The Postcard
A Valentine's Attwell Series postcard that was printed in Great Britain.
The card was posted in Devon using a 1½d. stamp on Monday the 15th. August 1921. It was sent to:
Miss Beryl Baylis,
Eastbury Manor,
Lambourn,
Berks.
The brief message on the divided back of the card was as follows:
"With love and kisses
From Betty."
Eastbury Manor
The 905-acre Eastbury Manor estate with its Grade II* Listed manor house, near the racehorse town of Lambourn, is in the heart of the North Wessex Downs Area of Outstanding Natural Beauty.
The manor was acquired in the 1360's by the ancestor and namesake of John D'Estbury, the Lambourn benefactor who built the village almshouses.
The present 16th.-century manor house has three reception rooms, eight bedrooms, three bathrooms and gardens running down to the banks of the Lambourn.
In 1895, George Baylis, the inventor of the Baylis system of modern arable farming, took on the tenancy of the farm at Eastbury Manor, eventually buying the freehold of 990 acres in 1918 for £11,900.
By 1929, he was England's largest plough-land farmer, occupying 12,000 acres, employing 250 men and 300 working horses.
On his death in 1936, his holdings were split between his four sons, with his eldest son George taking over Eastbury, Bockhampton and Leckhamsted Manor Farm.
His granddaughter is the beneficiary of the trust which now owns the farm, with its rich arable land and water-meadows, extensive range of modern and traditional farm buildings, traditional broad-leaf woodland and eight-furlong all-weather gallop.
Mabel Lucie Attwell
Mabel Lucie Attwell was a British illustrator and comics artist. She is known for her cute, nostalgic drawings of children, inspired by her daughter. Her drawings are featured on many postcards, advertisements, posters, books and figurines.
Mabel Lucie Attwell - The Early Years
Mabel was born on the 4th. June 1879 in Mile End, London, the sixth child of butcher Augustus Attwell and his wife Emily Ann.
She studied at Saint Martin's School of Art, but left to develop her own interest in imaginary subjects, disliking the emphasis on still-life drawing and classical subjects.
After Mabel sold work to the Tatler and Bystander, she was taken on by the agents Francis and Mills, leading to a long and consistently successful career.
In 1908, she married painter and illustrator Harold Cecil Earnshaw (d. 1937) with whom she had a daughter, Marjorie, and two sons.

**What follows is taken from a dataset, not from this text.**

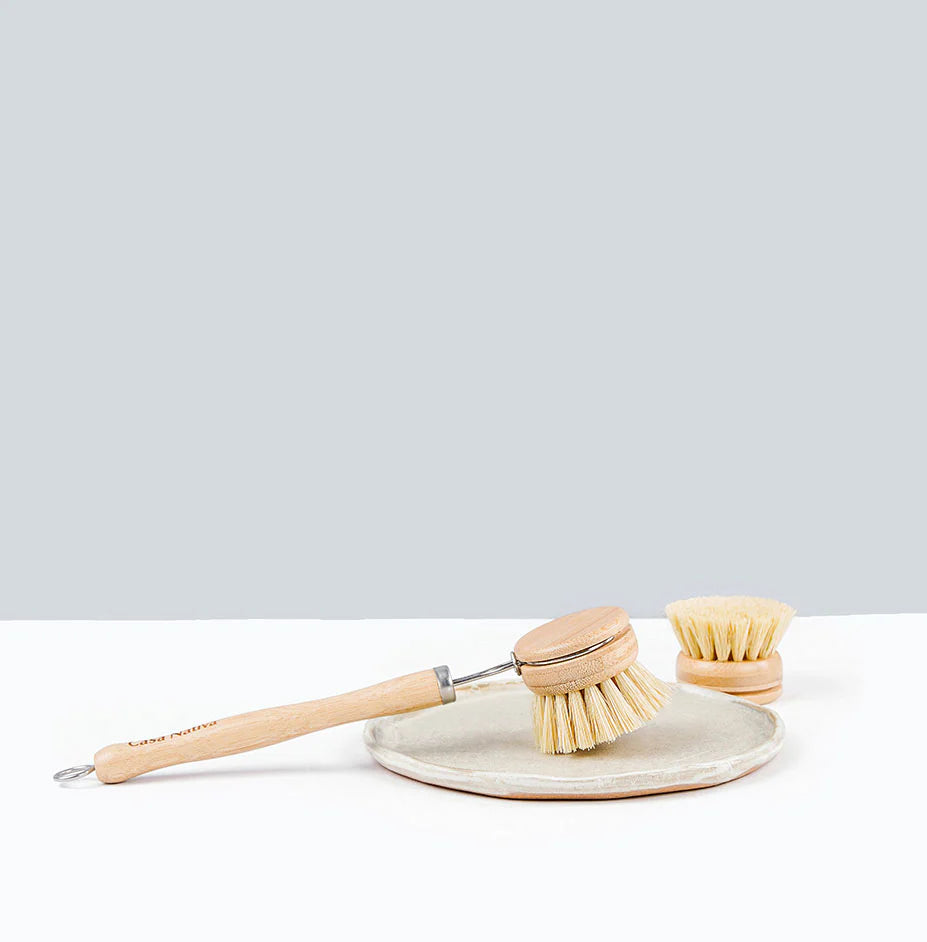Set ecológico para lavar loza que incluye un cepillo de mango de bambú con cerdas de sisal, junto con un recambio de escobilla. Diseño desmontable que te permite reutilizar el mango y reemplazar solo la parte de desgaste, lo que reduce residuos plásticos y prolonga la vida útil del utensilio. Ideal para quienes buscan productos más sustentables en la cocina.

Attwell's initial career was founded on magazine illustration, which she continued throughout her life, but around 1900 she began receiving commissions for book illustrations.
Mabel illustrated children's classics such as Mother Goose (1910) and Alice in Wonderland (1911).

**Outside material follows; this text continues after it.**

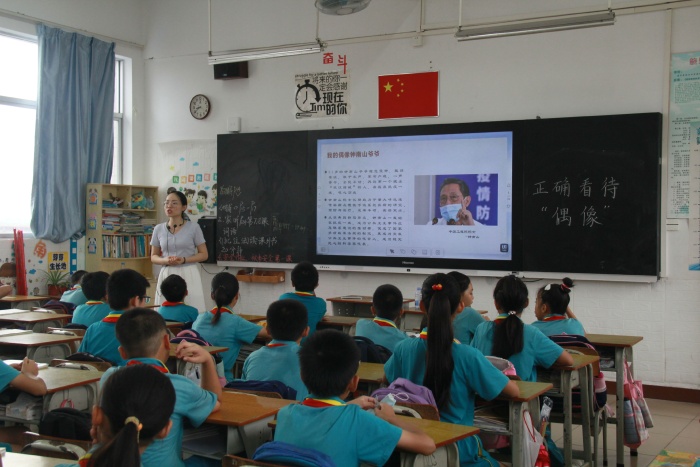 偶像,曾幾何時只是歌星、演員等,長大后,才意識到真正的偶像是舍生忘義、責(zé)任擔(dān)當(dāng),他們是不畏犧牲的革命先烈、是苦心專研的科學(xué)家、是深入基層的青年黨員干部、是奔赴一線的戰(zhàn)疫者等。青少年時期是學(xué)生形成世界觀、人生觀和價值觀的重要階段。為了引導(dǎo)學(xué)生樹立正確的世界觀、人生觀、價值觀。9月27日上午,民眾街道育才小學(xué)開展“我看偶像”主題班會課活動。

During the 1910's Attwell produced a number of posters for London Transport featuring children to promote travel to Christmas pantomimes and other events.
Mabel Lucie Attwell - The Later Years
From 1914 onwards, Mabel developed her trademark style of sentimentalised rotund cuddly infants, which became ubiquitous across a wide range of markets. These included cards, calendars, nursery equipment and pictures, crockery and dolls.
Mabel illustrated Hans Andersen's Fairy Tales (1914), The Water Babies by Charles Kingsley (1915), and an edition of J. M. Barrie's Peter Pan and Wendy.
Shelley Potteries
In 1926 Shelley Potteries commissioned Attwell to produce designs for children's china ware. Attwell’s first six designs portrayed scenes involving children, animals and small green elves in green suits – these were called 'Boo Boos' and were featured on cups, mugs, bowls etc.
Death of Mabel Lucie Attwell
Mabel died at her home in Fowey, Cornwall on the 5th. November 1964, after which her business was carried on by her daughter.
The Lucie Attwell Annual, which was first published in 1922, continued to be published for a further ten years ten years after Mabel's death. This was made possible by extensive re-use of earlier images.
A New Committee
So what else happened on the day that Betty posted the card?
Well, on the 15th. August 1921, the International Committee for Russian Relief (ICRR), founded to feed victims of the famine in Russia, was organized in Geneva by the International Committee of the Red Cross and the League of Red Cross Societies, led by Fridtjof Nansen.
A Relinquishing of Control
Also on that day, the British government relinquished control of the United Kingdom's railways, seven years after having taken over jurisdiction during the Great War.